Neuron Glia Biology ◽

10.1017/s1740925x09990408 ◽

2009 ◽

Vol 6 (1) ◽

pp. 43-51 ◽

Cited By ~ 81

Author(s):

Sylvia O. Suadicani ◽

Pavel S. Cherkas ◽

Jonathan Zuckerman ◽

David N. Smith ◽

David C. Spray ◽

...

Keyword(s):

Calcium Signaling ◽

Sensory Neurons ◽

Glial Cells ◽

Mechanical Stimulation ◽

Calcium Concentration ◽

Cytosolic Calcium ◽

Trigeminal Ganglia ◽

Sensory Ganglia ◽

Satellite Glial Cells ◽

First Time

Astrocytes communicate with neurons, endothelial and other glial cells through transmission of intercellular calcium signals.
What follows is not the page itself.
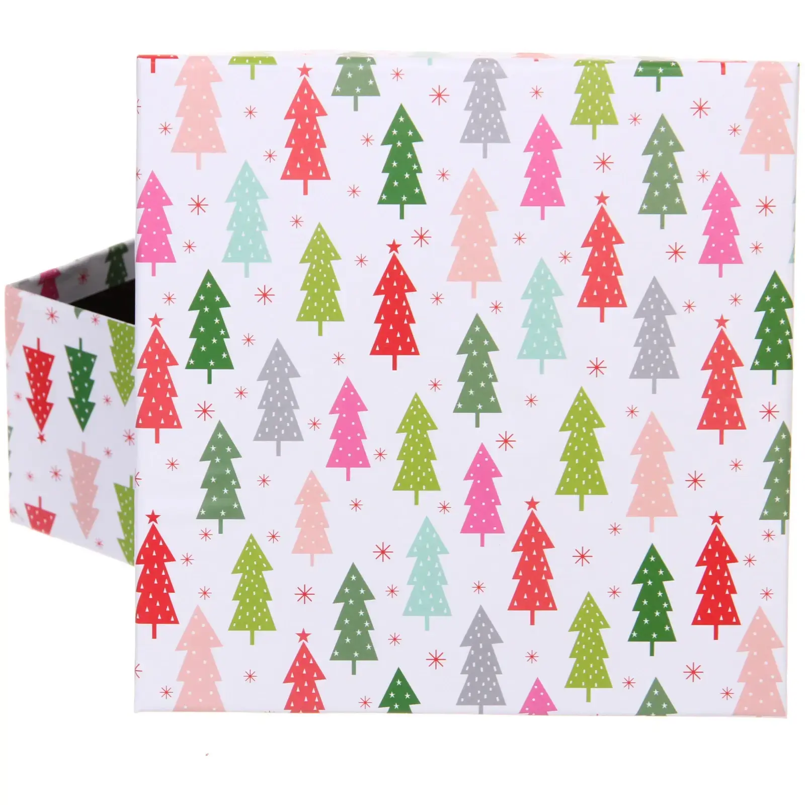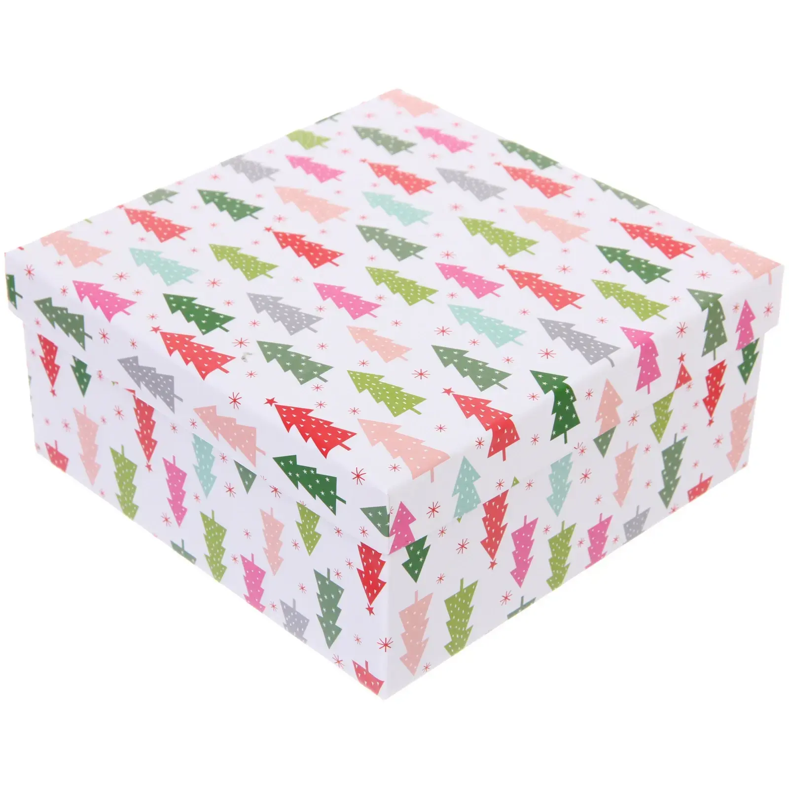 Коробка выполнена из качественного картона, что обеспечивает её прочность и долговечность. Новогодний принт с изображениями ёлочек в различных цветах, таких как красный, зелёный, розовый, серый и голубой, создаёт праздничное настроение. Белый фон с мелкими снежинками добавляет лёгкости и свежести, делая коробку привлекательной для глаз.

Satellite glial cells (SGCs) in sensory ganglia share several properties with astrocytes, but whether this type of communication occurs between SGCs and sensory neurons has not been explored. In the present work we used cultured neurons and SGCs from mouse trigeminal ganglia to address this question. Focal electrical or mechanical stimulation of single neurons in trigeminal ganglion cultures increased intracellular calcium concentration in these cells and triggered calcium elevations in adjacent glial cells. Similar to neurons, SGCs responded to mechanical stimulation with increase in cytosolic calcium that spread to the adjacent neuron and neighboring glial cells. Calcium signaling from SGCs to neurons and among SGCs was diminished in the presence of the broad-spectrum P2 receptor antagonist suramin (50 μM) or in the presence of the gap junction blocker carbenoxolone (100 μM), whereas signaling from neurons to SGCs was reduced by suramin, but not by carbenoxolone. Following induction of submandibular inflammation by Complete Freund's Adjuvant injection, the amplitude of signaling among SGCs and from SGCs to neuron was increased, whereas the amplitude from neuron to SGCs was reduced. These results indicate for the first time the presence of bidirectional calcium signaling between neurons and SGCs in sensory ganglia cultures, which is mediated by the activation of purinergic P2 receptors, and to some extent by gap junctions. Furthermore, the results indicate that not only sensory neurons, but also SGCs release ATP. This form of intercellular calcium signaling likely plays key roles in the modulation of neuronal activity within sensory ganglia in normal and pathological states.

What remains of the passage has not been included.